Task to carry out: Below is a listing; repeat exactly the lines from the one containing "В компаниях постоянно" to the one containing "W ostatnim dniu", both included.

Data to examine:
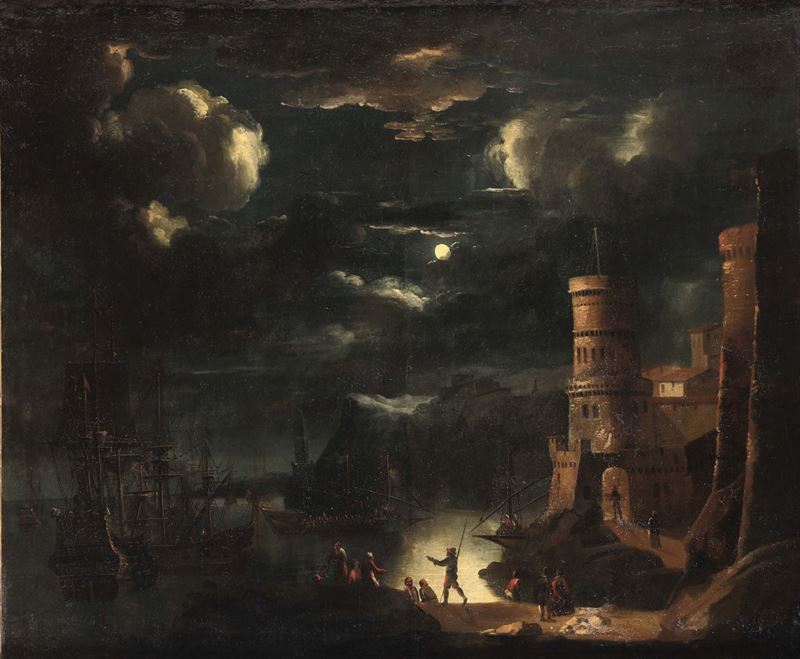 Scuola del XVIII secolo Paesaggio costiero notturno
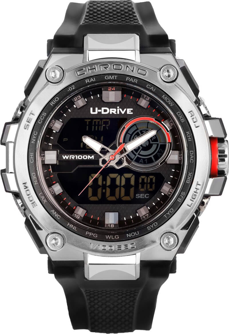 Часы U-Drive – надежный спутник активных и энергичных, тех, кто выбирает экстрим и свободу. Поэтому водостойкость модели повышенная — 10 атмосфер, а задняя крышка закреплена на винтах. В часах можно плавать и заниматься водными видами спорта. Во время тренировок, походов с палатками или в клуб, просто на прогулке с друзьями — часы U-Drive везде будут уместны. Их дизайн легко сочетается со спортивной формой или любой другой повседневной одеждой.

--

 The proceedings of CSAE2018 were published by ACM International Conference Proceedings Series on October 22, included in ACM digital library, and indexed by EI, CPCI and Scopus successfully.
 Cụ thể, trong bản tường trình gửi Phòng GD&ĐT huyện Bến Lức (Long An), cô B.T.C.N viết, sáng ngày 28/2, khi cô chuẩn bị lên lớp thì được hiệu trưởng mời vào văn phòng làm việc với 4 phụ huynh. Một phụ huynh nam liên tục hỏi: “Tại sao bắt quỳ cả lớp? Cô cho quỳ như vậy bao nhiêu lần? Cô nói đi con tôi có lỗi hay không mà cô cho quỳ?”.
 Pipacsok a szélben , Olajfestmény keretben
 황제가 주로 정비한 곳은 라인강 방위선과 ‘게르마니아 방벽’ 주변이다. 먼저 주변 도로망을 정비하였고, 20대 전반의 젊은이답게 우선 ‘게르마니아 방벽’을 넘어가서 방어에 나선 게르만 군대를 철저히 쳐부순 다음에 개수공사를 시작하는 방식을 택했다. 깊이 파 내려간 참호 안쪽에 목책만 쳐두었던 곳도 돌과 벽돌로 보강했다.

* * *

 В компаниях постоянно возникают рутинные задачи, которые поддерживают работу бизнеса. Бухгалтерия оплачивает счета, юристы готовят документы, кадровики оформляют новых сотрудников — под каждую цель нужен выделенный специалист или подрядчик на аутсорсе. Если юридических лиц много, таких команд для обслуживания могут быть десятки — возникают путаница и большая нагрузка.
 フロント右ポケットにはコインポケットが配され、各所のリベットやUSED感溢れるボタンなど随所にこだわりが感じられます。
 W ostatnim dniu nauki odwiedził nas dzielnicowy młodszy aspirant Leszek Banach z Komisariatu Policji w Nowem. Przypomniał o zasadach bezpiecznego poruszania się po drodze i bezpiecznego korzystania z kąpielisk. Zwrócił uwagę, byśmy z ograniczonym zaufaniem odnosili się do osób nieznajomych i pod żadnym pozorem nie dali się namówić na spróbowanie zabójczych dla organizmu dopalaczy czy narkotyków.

Exercise result:
 В компаниях постоянно возникают рутинные задачи, которые поддерживают работу бизнеса. Бухгалтерия оплачивает счета, юристы готовят документы, кадровики оформляют новых сотрудников — под каждую цель нужен выделенный специалист или подрядчик на аутсорсе. Если юридических лиц много, таких команд для обслуживания могут быть десятки — возникают путаница и большая нагрузка.
 フロント右ポケットにはコインポケットが配され、各所のリベットやUSED感溢れるボタンなど随所にこだわりが感じられます。
 W ostatnim dniu nauki odwiedził nas dzielnicowy młodszy aspirant Leszek Banach z Komisariatu Policji w Nowem. Przypomniał o zasadach bezpiecznego poruszania się po drodze i bezpiecznego korzystania z kąpielisk. Zwrócił uwagę, byśmy z ograniczonym zaufaniem odnosili się do osób nieznajomych i pod żadnym pozorem nie dali się namówić na spróbowanie zabójczych dla organizmu dopalaczy czy narkotyków.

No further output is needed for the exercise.